FaithScreener Research Team4/7/202610 min read

Pornography isn't mentioned in the Word of Wisdom. D&C 89 is about diet, not media. But the LDS church has been extremely clear about pornography as a moral harm, and observant members apply that teaching to their investment decisions as much as to their personal lives. Let me walk through what this looks like when you're screening stocks in 2026.

The LDS Position on Pornography

The church has issued numerous statements condemning pornography. The most direct scriptural basis is in modern revelation and teaching rather than the Doctrine and Covenants specifically. The First Presidency and the Quorum of the Twelve have repeatedly warned members against pornography consumption.

President Gordon B. Hinckley, in a 2004 address, called pornography "a growing evil" and urged members to protect themselves. President Russell M. Nelson has continued the teaching. The Gospel Topics essay on pornography, published on the official church website, describes pornography as "deeply harmful" and "morally wrong," and specifically urges members to avoid both consumption and financial support.

The extension to investment is clear. If pornography is morally harmful, investing in companies that profit from it creates a conscience problem. Most LDS investment guides and financial advisors treat pornography exposure as an automatic exclusion category, similar to tobacco or alcohol under the Word of Wisdom.

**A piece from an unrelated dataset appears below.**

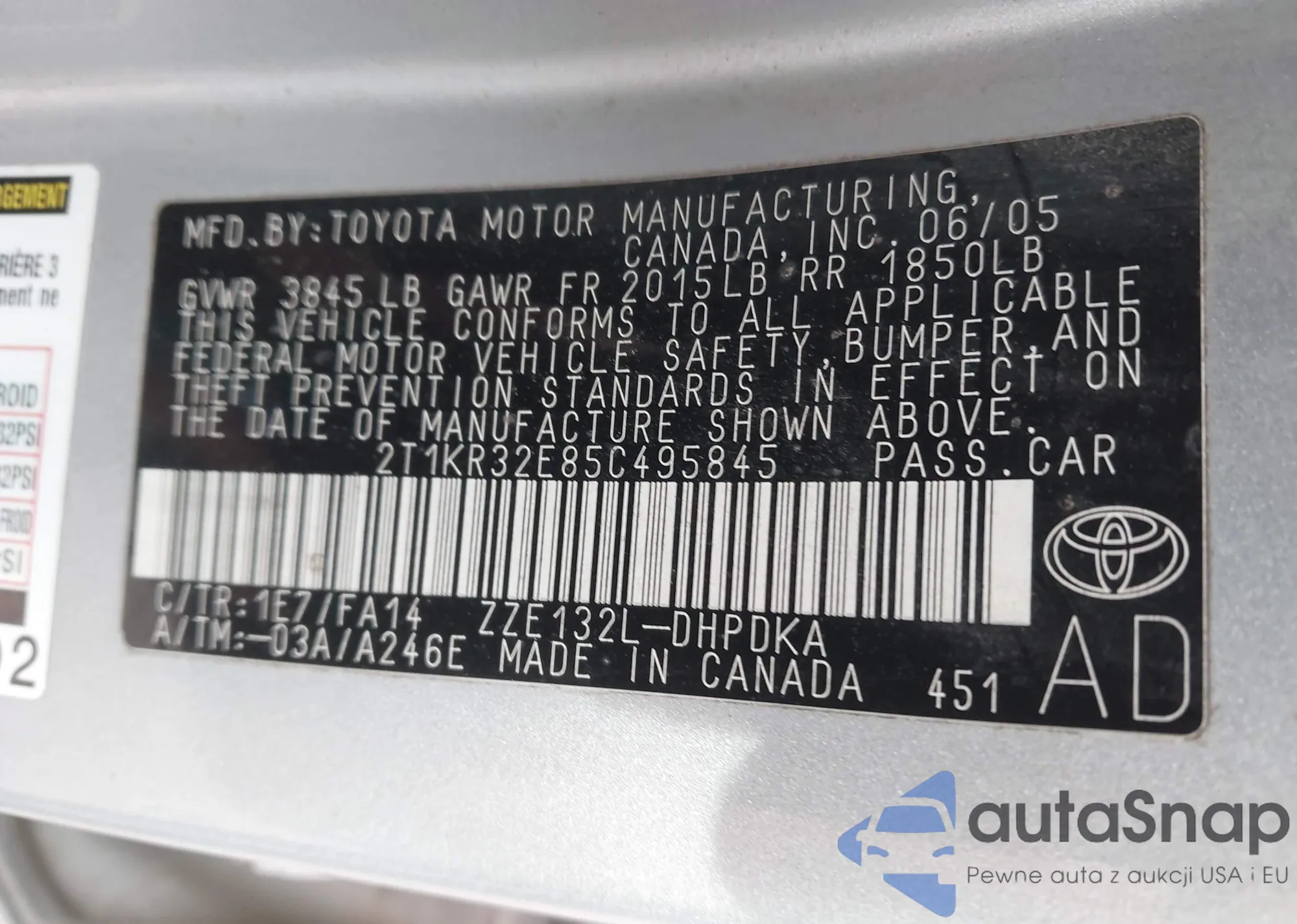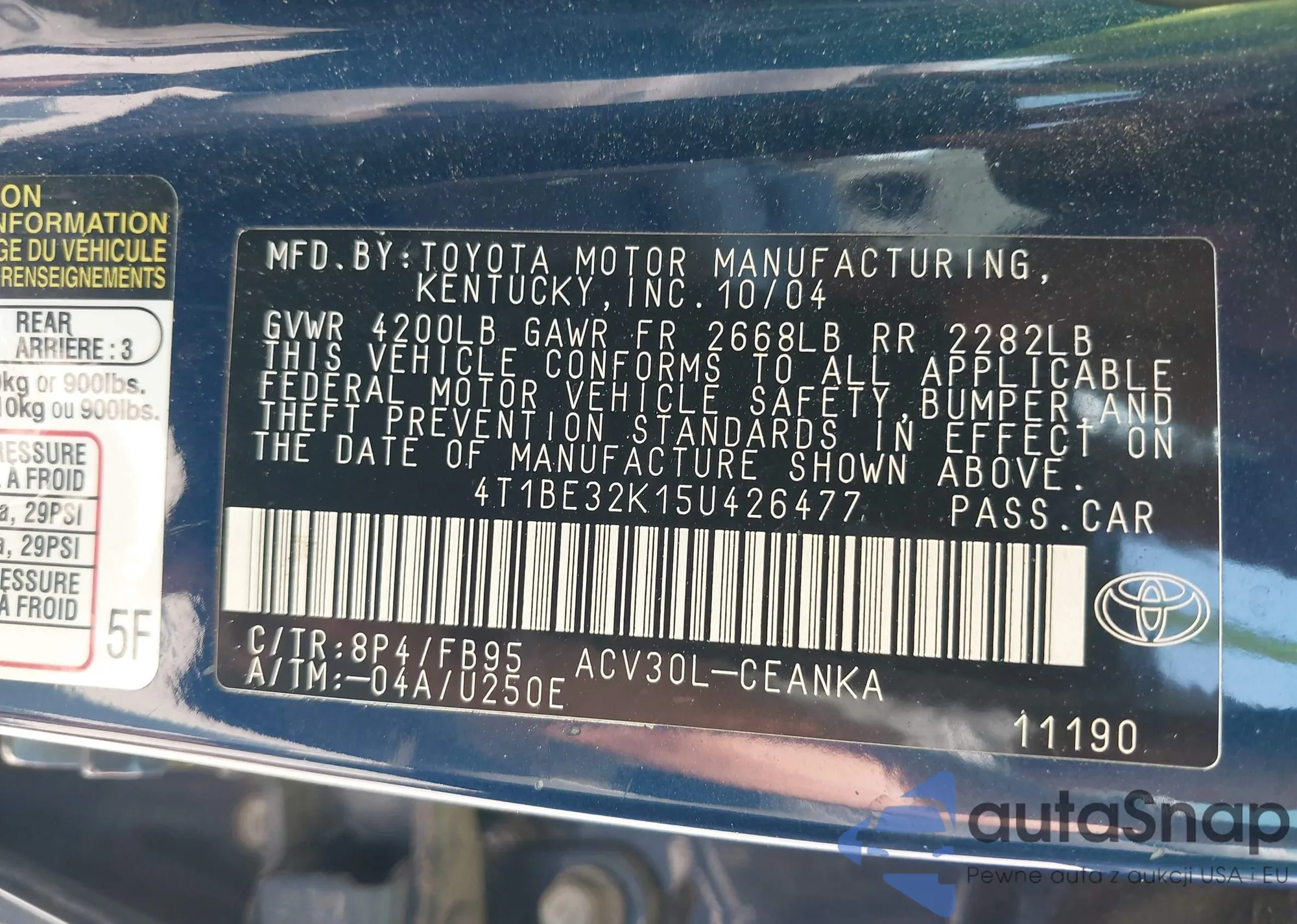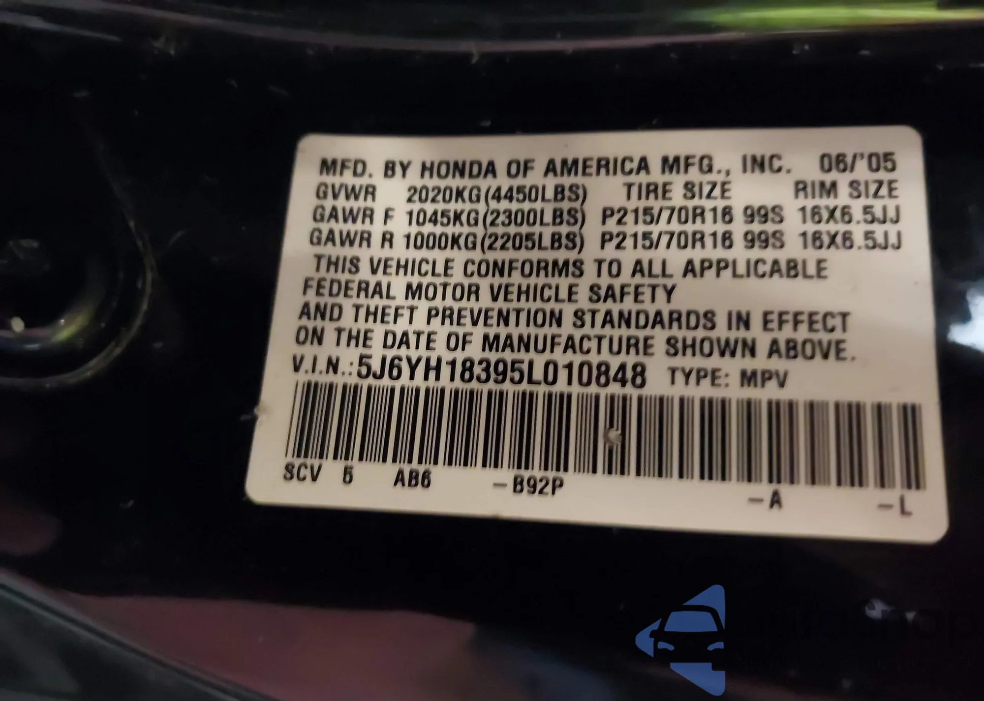 • VIN 5J6YH18395L010848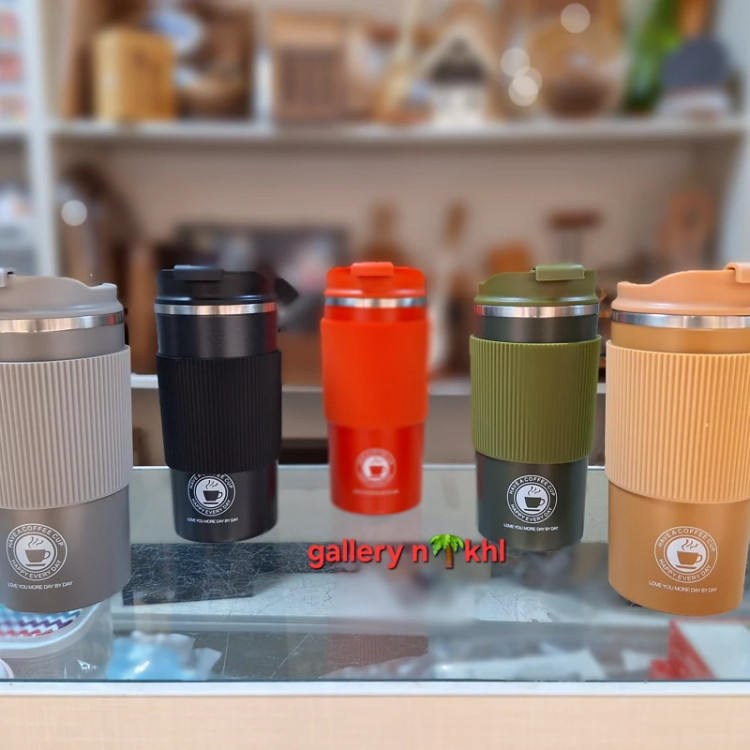 تراول ماگ دور سیلیکونی 500 میلی لیتر برند کافی با جنس استیل 304

What Counts as Pornography Exposure

Here's where the screening gets complicated. The adult entertainment industry has very few pure-play publicly traded companies. Most direct pornography producers are private. The publicly traded exposure comes through:

  1. Media conglomerates that distribute adult content through cable, streaming, or pay-per-view
  2. Hotel chains that offer adult content in rooms
  3. Internet platforms that host or enable adult content
  4. Payment processors that handle adult content transactions
  5. Telecom and internet service providers that carry adult content traffic

Each of these creates a different screening question with different answers.

Media Conglomerates

Comcast (CMCSA): owns NBCUniversal, Sky, and cable/internet infrastructure. Comcast's cable systems historically offered adult content through pay-per-view and premium channels. The company has reduced this exposure over the years but hasn't eliminated it entirely. Fails a strict "any adult content" screen but passes a revenue threshold screen because adult content is under 1% of total revenue.

Warner Bros. Discovery (WBD): owns HBO, CNN, Discovery, Max, Warner Bros. studios. Has some adult content programming through HBO Max's late-night lineup and some direct content. Fails strict screens, passes threshold screens.

Paramount Global (PARA): owns Paramount, CBS, MTV, Showtime. Showtime has historically had adult content programming in its late-night schedule. Mixed position.

Netflix (NFLX): streaming service with some mature content including explicit scenes in original programming. Not pornography in the traditional sense but includes sexualized content. Depends on how strict your screen is. Most LDS screens permit Netflix because explicit but non-pornographic content is a different category than actual pornography.

Walt Disney Company (DIS): historically excluded from LDS screens based on content concerns despite not producing pornography. Some older screening methodologies treat Disney's perceived cultural values as problematic. Mainstream LDS screens generally permit Disney because it doesn't produce adult content.

Internet Platforms and Hosting

Alphabet (GOOGL, GOOG): Google Search returns adult content results. YouTube has age-restricted content that includes sexualized material, though explicit pornography is prohibited on the platform. Alphabet is a gigantic diversified company, and adult content is far under 1% of its revenue. Passes threshold screens but fails strict "any association" screens.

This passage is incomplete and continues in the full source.